• [Work order] I need the lines from the one containing "[중앙뉴스라인, 장성대기자] 보건복지부는" through the last line of the entries retyped exactly, with no pictures among them.

(Provided material)

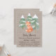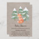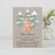 Esta tarjeta de invitación a la ducha para bebés de zorro de madera de invierno es perfecta para una ducha rústica para bebés. El diseño neutral de género incluye animales bonitos en una escena de invierno.
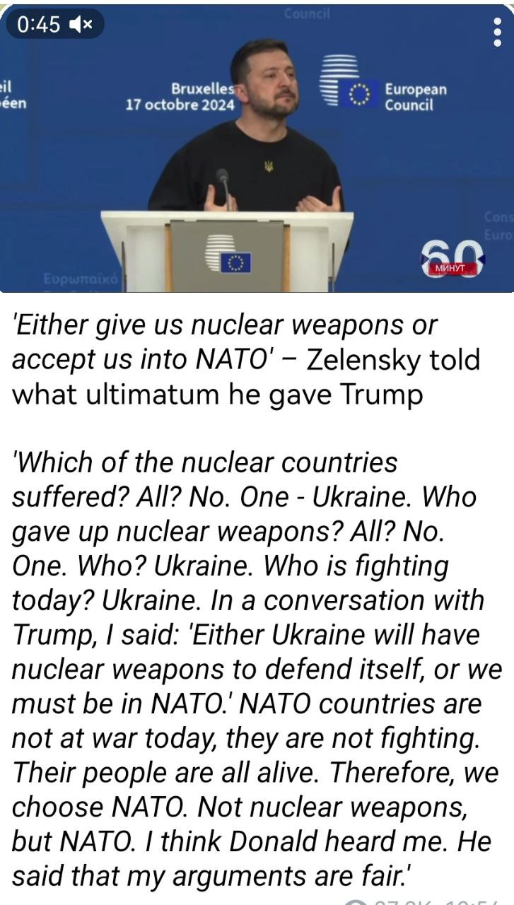 A new central flashpoint around the issue of Ukraine obtaining nuclear weapons has suddenly taken hold of the narrative after Zelensky appeared to imply that Ukraine’s future can only be secured either via NATO or nuclear weapons. In fact, he said that’s what he explained to Trump and may be the real root kernel of his ‘Victory Plan’:
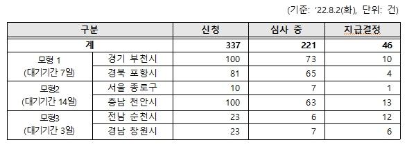 [중앙뉴스라인, 장성대기자] 보건복지부는 아픈 근로자들의 쉼과 소득 보장을 위해 지난 7월 4일부터 상병수당 시범사업을 시행 중으로, 사업 시행 한 달이 지난 8월 2일 현재 신청 건수는 337건이며, 이 중 심사가 완료되어 지급 결정된 46건에 대해 8월부터 수당 지급을 시작한다고 밝혔다.
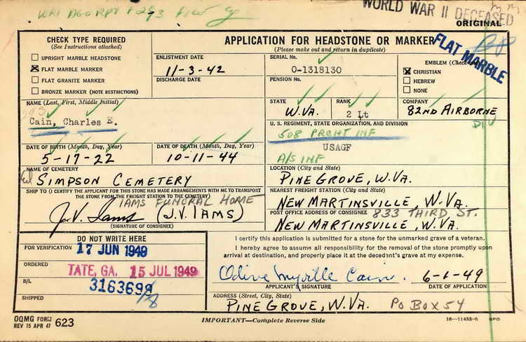 marker for 2nd Lt Charles E. Cain to be installed in the Pine Grove
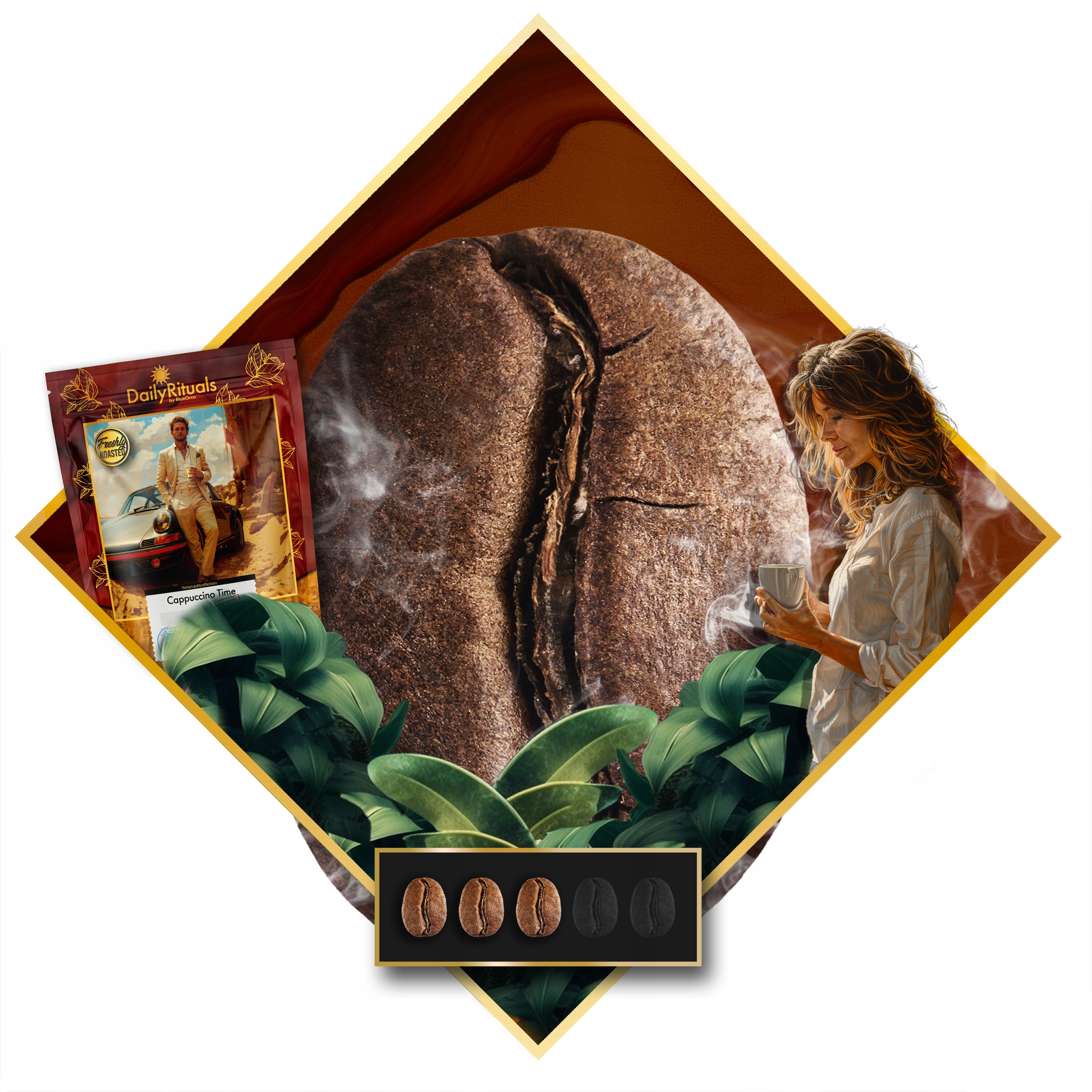 caturra привносит свежесть и ясность в эту смесь, добавляя фруктовые ноты и тонкую кислотность, которая идеально сбалансирует сливочный капучино. Его концентрированный вкус идеально контрастирует с мягкостью молока, создавая сбалансированный аромат, который добавляет энергию и легкость в напиток
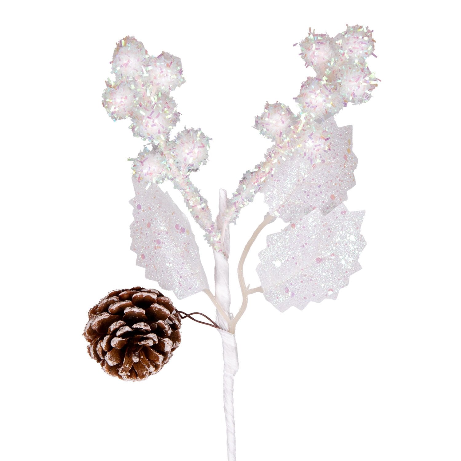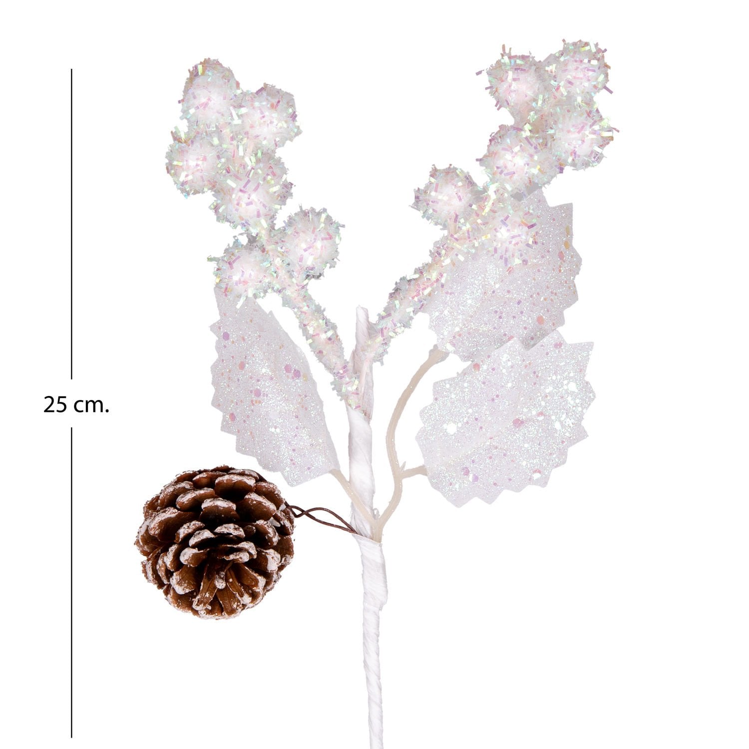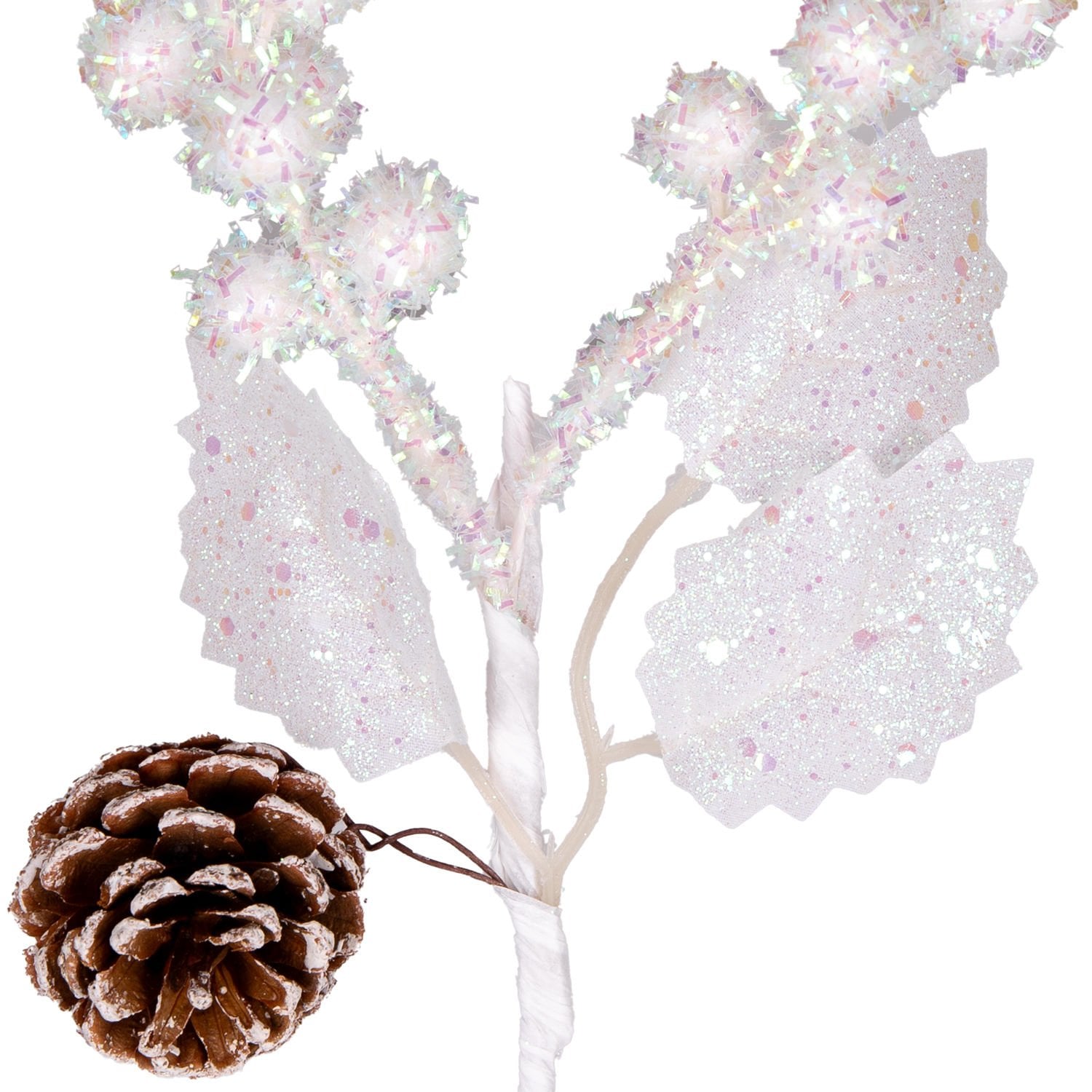 Yılbaşı Çiçeği, Pike, Berry, Şeker, Pembe Simli, Kozalaklı, Beyaz - 25 cm
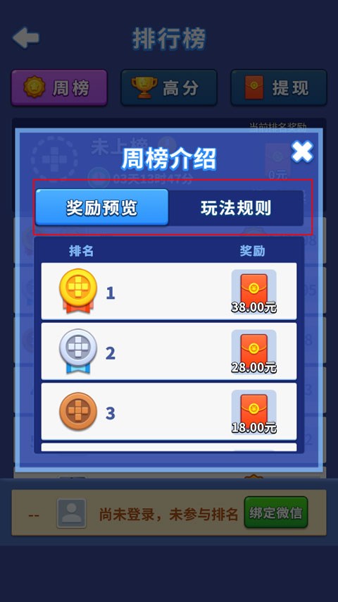 ①依据玩家本周单局最高分进行排名,每周日24:00结算;
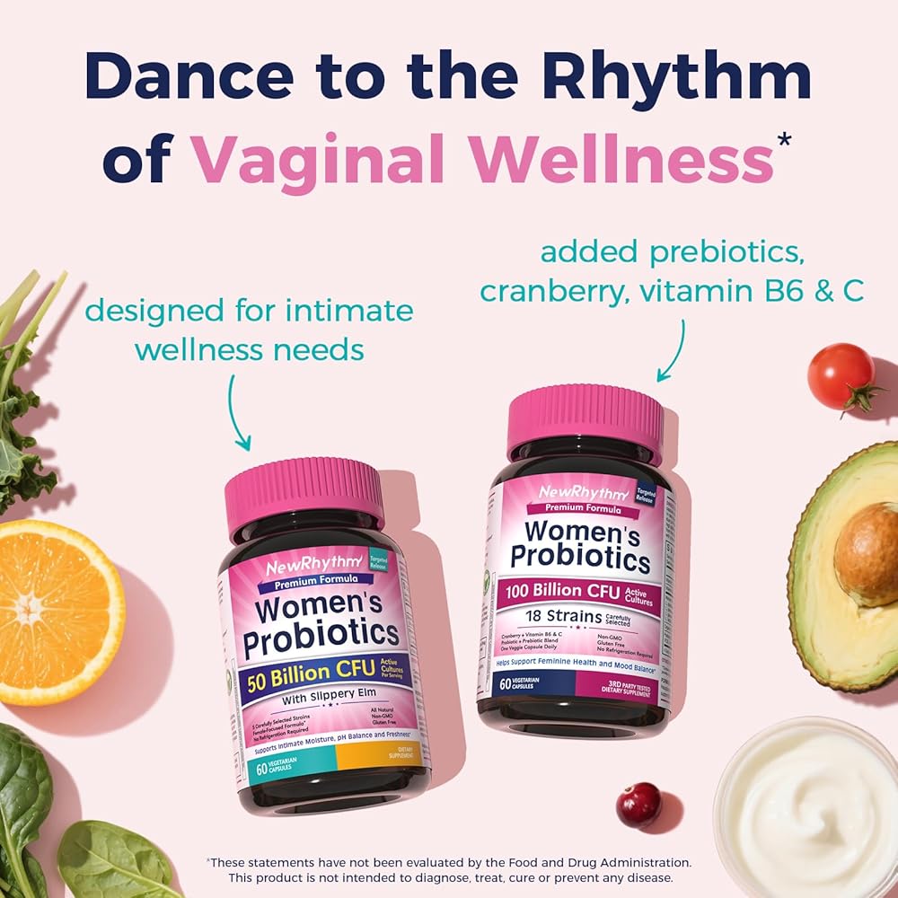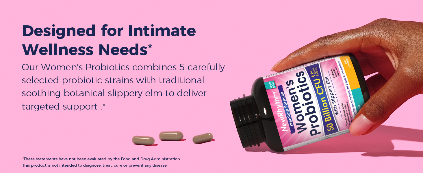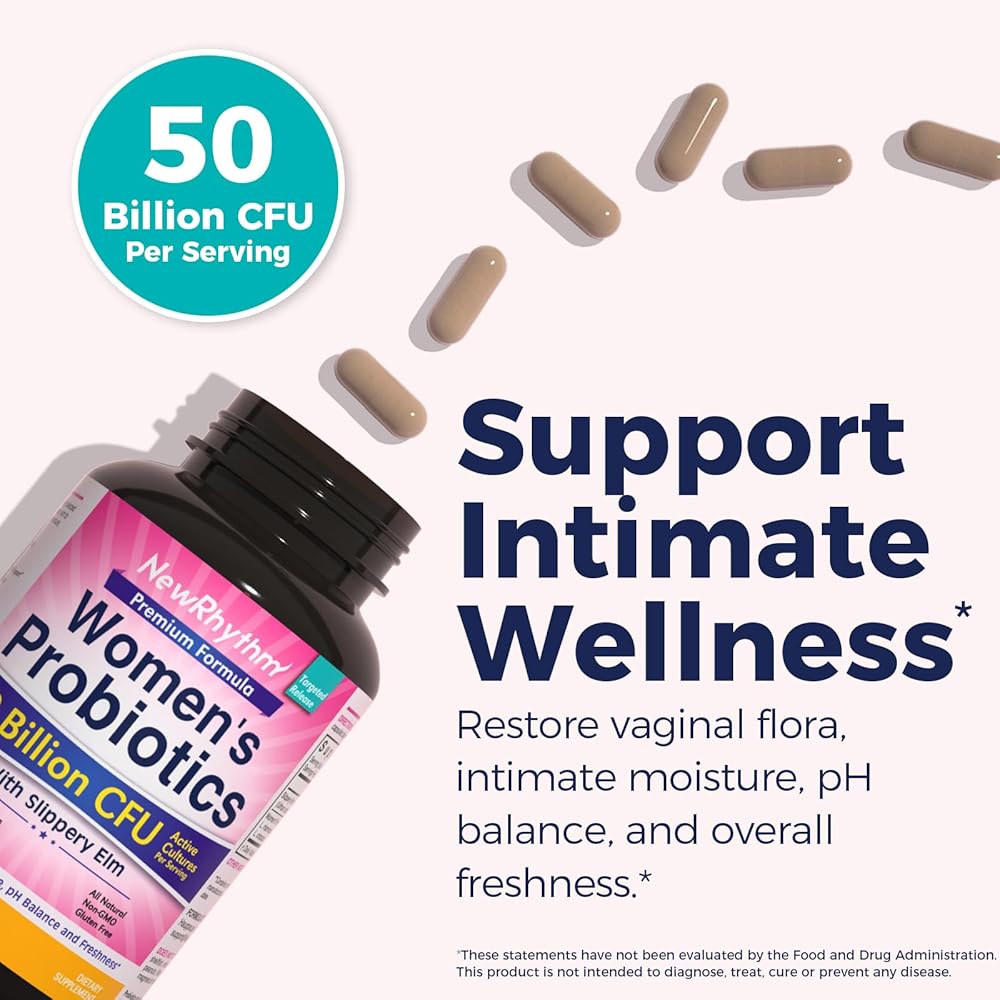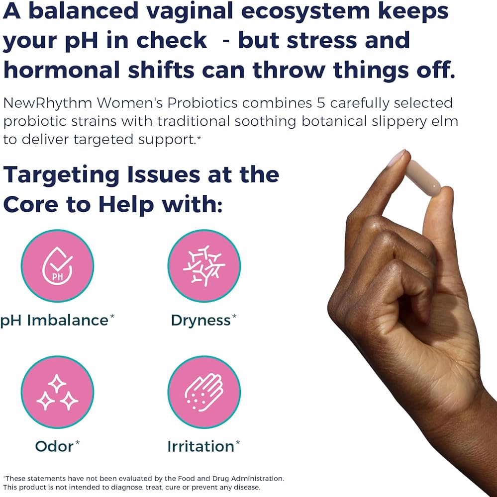 2-In-1 Daily Feminine Support*: NewRhythm Slippery Elm+ Women's Probiotics combines 5 carefully selected probiotic strains with traditional soothing botanical slippery elm to deliver targeted support for your vaginal flora, intimate moisture, pH balance, and overall freshness.* Ideal for women seeking a natural, accessible way to complement intimate wellness daily care routine.*

(End Provided material)

• [Reply]
 [중앙뉴스라인, 장성대기자] 보건복지부는 아픈 근로자들의 쉼과 소득 보장을 위해 지난 7월 4일부터 상병수당 시범사업을 시행 중으로, 사업 시행 한 달이 지난 8월 2일 현재 신청 건수는 337건이며, 이 중 심사가 완료되어 지급 결정된 46건에 대해 8월부터 수당 지급을 시작한다고 밝혔다.
 marker for 2nd Lt Charles E. Cain to be installed in the Pine Grove
 caturra привносит свежесть и ясность в эту смесь, добавляя фруктовые ноты и тонкую кислотность, которая идеально сбалансирует сливочный капучино. Его концентрированный вкус идеально контрастирует с мягкостью молока, создавая сбалансированный аромат, который добавляет энергию и легкость в напиток
 Yılbaşı Çiçeği, Pike, Berry, Şeker, Pembe Simli, Kozalaklı, Beyaz - 25 cm
 ①依据玩家本周单局最高分进行排名,每周日24:00结算;
 2-In-1 Daily Feminine Support*: NewRhythm Slippery Elm+ Women's Probiotics combines 5 carefully selected probiotic strains with traditional soothing botanical slippery elm to deliver targeted support for your vaginal flora, intimate moisture, pH balance, and overall freshness.* Ideal for women seeking a natural, accessible way to complement intimate wellness daily care routine.*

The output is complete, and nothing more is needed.